Prime Minister Gordon Brown has received yet another devastating blow with Labour suffering one of the biggest by-election upsets in political history.

The loss of the 13,500 majority Glasgow East to the Scottish National Party will spark panic among the party's MPs and cast fresh doubt over the Prime Minister's future.

The seat was one of Labour's safest but a massive swing of more than 22 per cent saw the nationalists secure it by a margin of 365.

If the performance was repeated at a General Election, Mr Brown and a slew of Cabinet ministers would be kicked out of the Commons.

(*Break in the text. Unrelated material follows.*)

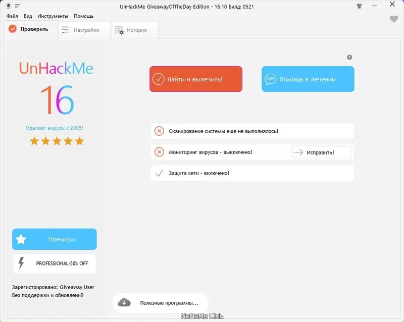 UnHackMe обеспечивает надежную защиту от сложных вредоносных программ и помогает поддерживать безопасность компьютера.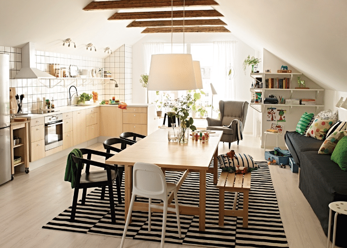 Scandinavian design also welcomes different textures and materials. Touch is an important sensory ability to make sense of your surroundings and allow it to captivate you. Scandinavian interior design proves to be very tactile. Textures can be included in your dining space in the form of wall art furniture and different details in the interiors. Materials such as wool, cashmere, wood, and leather are important additions to interior design. Mats made of wool, wooden cabinets, and textured walls can be a great way to amp up your interiors.

'This SNP victory is not just a political earthquake, it is off the Richter scale.'
John Mason, SNP

The victorious SNP candidate, John Mason, and his party leader Alex Salmond said they had achieved a "political earthquake" and the tremors would be felt "all the way to Downing Street".

In his victory speech, Mr Mason said: "Three weeks ago the SNP predicted a political earthquake."

He continued: "This SNP victory is not just a political earthquake, it is off the Richter scale. It is an epic win, and the tremors are being felt all the way to Downing Street.

"Labour MPs across Scotland will be quaking in their boots."

But International Development Secretary Douglas Alexander, one of the premier's closest allies, insisted Mr Brown should not bear sole responsibility for the disastrous defeat.

He said voters had been expressing "frustration" over the global economic slowdown, and issued a desperate plea for unity from mutinous MPs.

"If you want me to say it is a bad result, it is a bad result," he said.

"I don't think it is a night to say it is about one particular individual."

"I would ask them to reflect on the time when I joined the Labour Party which was 1982, not in the heady heights of New Labour's success, but at a time of repeated and bitter defeats for the Labour Party.

"We learnt a very serious lesson at that point, which is that divided parties lose."